Items from a data source
Start of Block

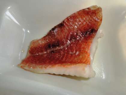 赤魚を塩焼きし、甘辛いたれをかけています。
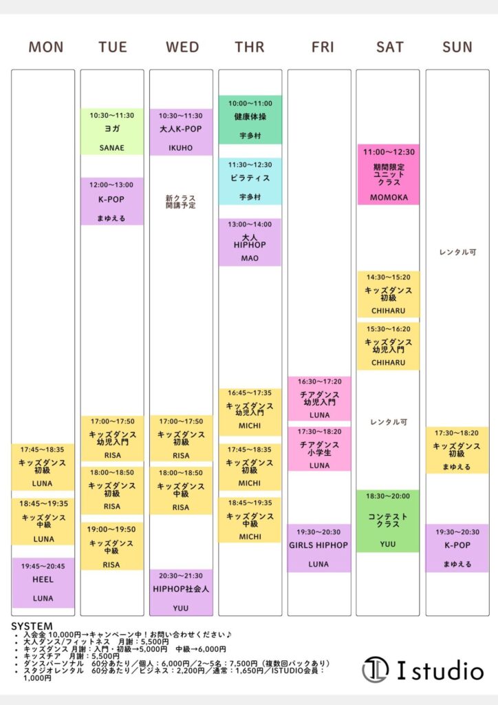 2・9・16・23・30日(9・16日→CHIHARU先生代講レッスン、30日→1/5分振替)
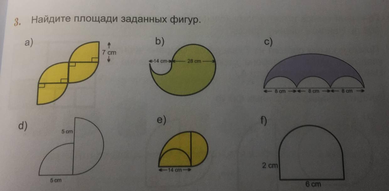 b)здесь по сути к полукругу диаметром D1=14+28=42см прибавили полукруг диаметром D2=28см и отняли полукруг диаметром D3=14см.
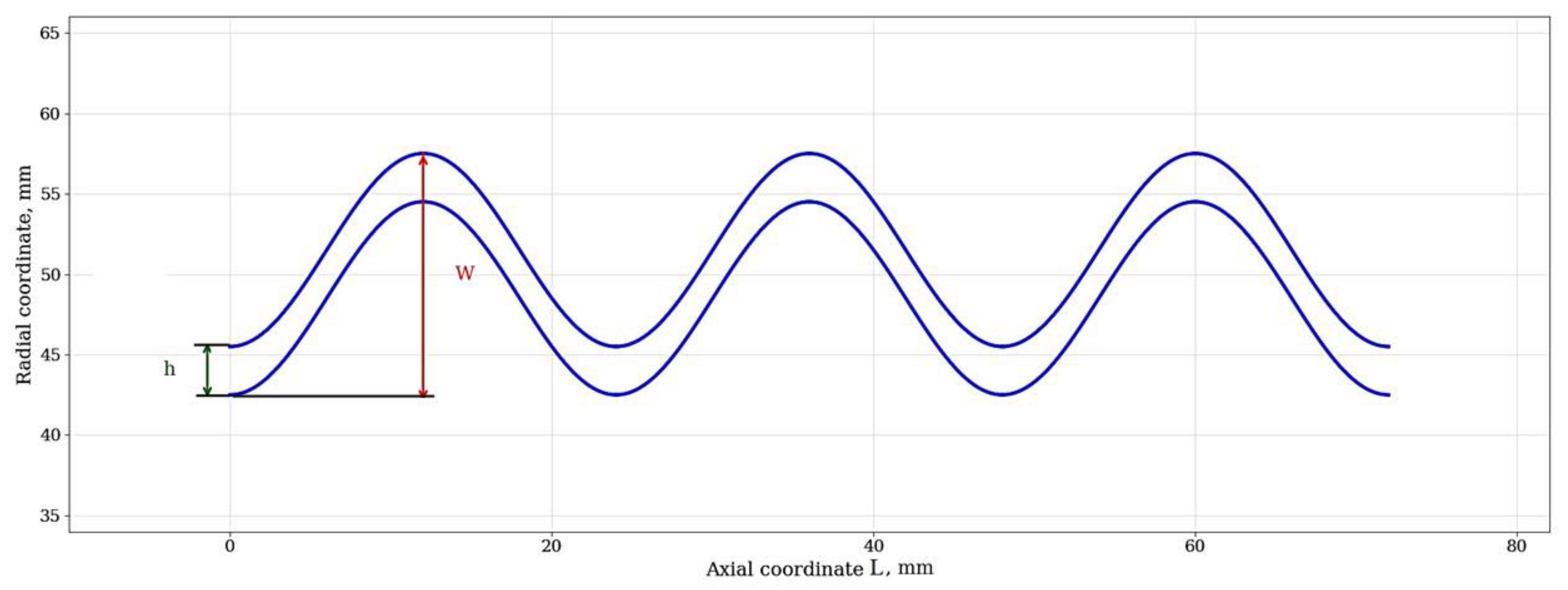 h ranged from 0.3 to 0.7 mm in 0.1 mm increments at a constant number of corrugations (Ng = 8). For
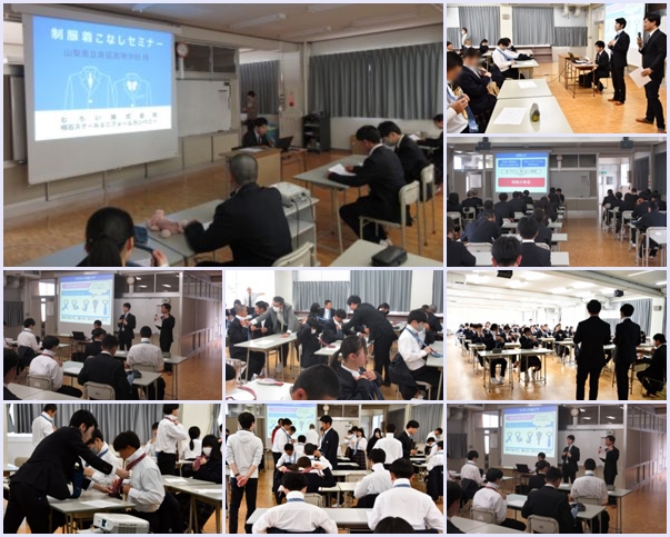 4月13日 ⑥校時は新入生に向けての制服着なしセミナーを開催しました。第一印象が大切であること、制服の手入れ方法など、身延高校の一員として制服をさわやかに着こなし、誇りを持って生活することが夢を叶える第一歩であることなどを話していただきました。本校では、式典の際に全員がネクタイを着用するため、ネクタイの結び方を丁寧に教えていただきました。

End of Block

YOUR TASK: The reply must hold every line above exactly as written and none of the pictures.

SOLUTION:
 赤魚を塩焼きし、甘辛いたれをかけています。
 2・9・16・23・30日(9・16日→CHIHARU先生代講レッスン、30日→1/5分振替)
 b)здесь по сути к полукругу диаметром D1=14+28=42см прибавили полукруг диаметром D2=28см и отняли полукруг диаметром D3=14см.
 h ranged from 0.3 to 0.7 mm in 0.1 mm increments at a constant number of corrugations (Ng = 8). For
 4月13日 ⑥校時は新入生に向けての制服着なしセミナーを開催しました。第一印象が大切であること、制服の手入れ方法など、身延高校の一員として制服をさわやかに着こなし、誇りを持って生活することが夢を叶える第一歩であることなどを話していただきました。本校では、式典の際に全員がネクタイを着用するため、ネクタイの結び方を丁寧に教えていただきました。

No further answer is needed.